The use of short peptides conjugated PEI for gene delivery application

• Main Authors: Chiao-chun Yeh, 葉喬淳
• Other Authors: Wei-wen Hu
• Format: Others
• Language: zh-TW
• Published: 2013
• Online Access: http://ndltd.ncl.edu.tw/handle/06936123999033551920

碩士 === 國立中央大學 === 化學工程與材料工程學系 === 101 === In this study, short peptides were conjugated with polyethyleneimine for the application of gene delivery. By electrostatic interaction, self- assembled nanoparticles using PEI-CPPs, and plasmid DNA were prepared in different amine/phosphate (N/P) ratios. The dynamic laser scattering experiment demonstrated that most of particles formed by peptide modified PEI were between the 200 to 600 nm with positive surfaces, suggesting that these nanoparticles were appropriate for gene transfer.
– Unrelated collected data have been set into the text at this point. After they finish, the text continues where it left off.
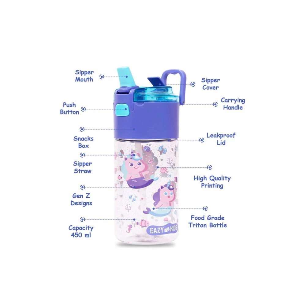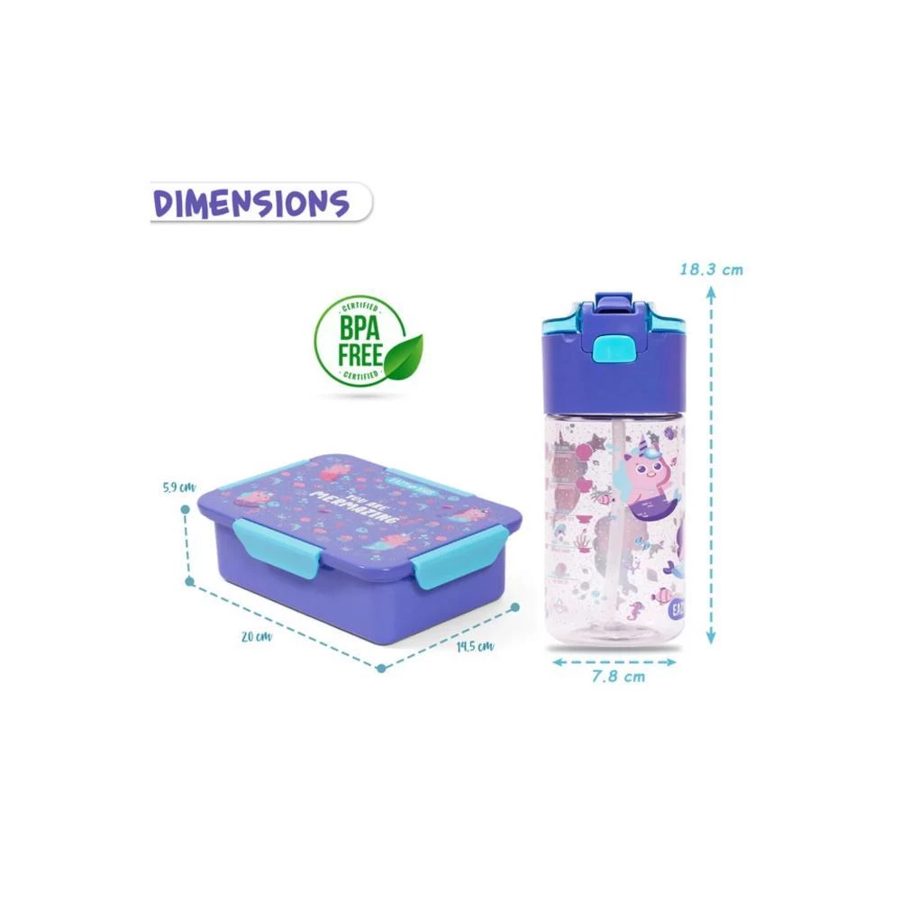 Eazy Kids Lunch Box & Tritan Water Bottle with Snack Box - Mermaid Purple 450ml + 850ml Leakproof Back-to-School Combo by SAMBOX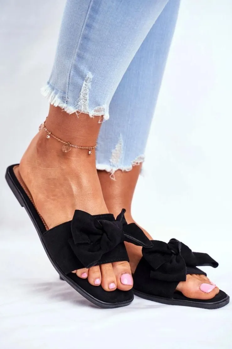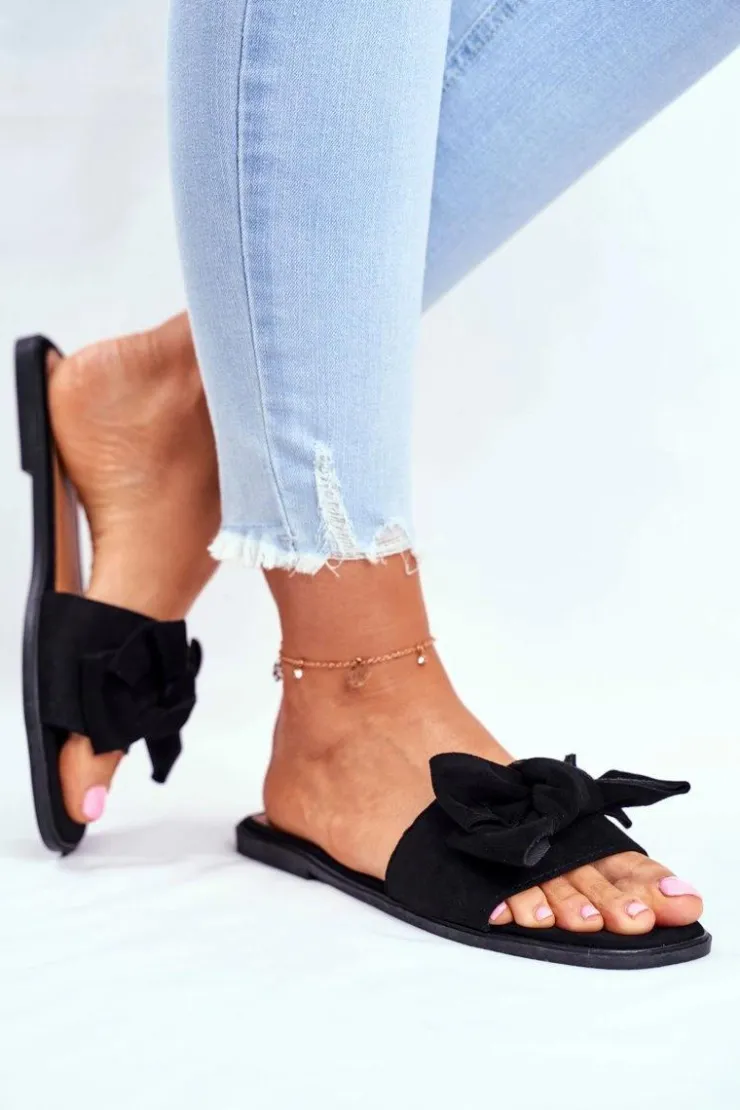 Damskie Boto Klapki Damskie Z Kokardkami Czarne Malaysia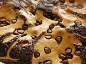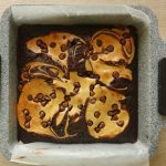 In 8 x 8 inch baking pan lined with butter paper,add prepared brownie batter and cream cheese batter and make swirls with the help of the skewer.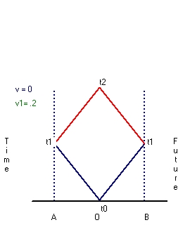 - At t0 we send a light signal, starting from point O towards point A and point B. These lightsignals will reach the points A and B simultaneous at t1. It is important to understand that these are two simultaneous events.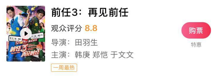 在貓眼購票app上,《前任3》評分高達9.2,淘票也達到了8.8。
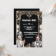 Celebre seu aniversário de marco com este maravilhoso convite do tema "O Excelente Gatsby" de 5x7 polegadas. Esta vibrante, moda e design de safra apresenta uma bela mulher solteira caucasiana e um homem de pé contra uma borda inspirada em arte cheia de gemas brancas, linhas geométricas douradas e elementos decorativos simétricos A borda enquadra uma camada preta na qual modelos de texto branco aparecem para sua redação personalizada. Ele está vestindo um terno formal de cinza leve e gravata de arco e ela está vestindo um falso chapéu prateado e fora do vestido do ombro. o dorso tem um modelo adicional para mais detalhes, se necessário. Caso contrário, basta suprimir o texto no verso. Esta elegante, luxuosa e antiquada design é ideal para qualquer celebração especial de 1920.
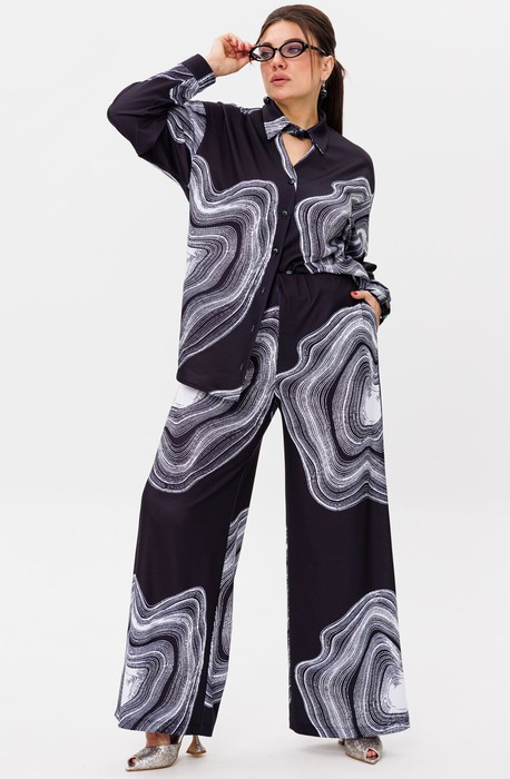 Этот костюм можно носить как вместе, так и по отдельности, комбинируя с другими элементами вашего гардероба. Необычная и стильная принтованная ткань привлекает внимание и делает вас центром притяжения в любом окружении.

In addition, the modified PEI effectively bound DNA. The MTT assays suggested that modification PEI reduced the cytotoxicity. PEI conjugated either by R9 or SAP10 were unable to transfect cells. In contrast, IL conjugated PEI demonstrated better transfection efficiency than that using sole PEI. We used fluorescein labeling to track plasma DNA delivery. Only PEI-IL can carry DNA to cells. To determine the endosomal escape mechanism of PEI-IL, bafilomycin A1 & chloroquine were applied during transfection. Their results suggested that internalized DNA should be released mainly by proton sponge effect; however, the grafted IL may also perturb endosome membrane and eventually causes membrane disruption. Finally, we used molecular dynamic simulation to elucidate the mechanism of grafted CPP interact with lipid bilyaer. The results indicated that only peptides with hydrophobic domain entering lipid bilayer can stabilize their interactions to cell membrane. In addition, tryptophan in indolicidin plays an important role to the insertion of IL to lipid bilayer.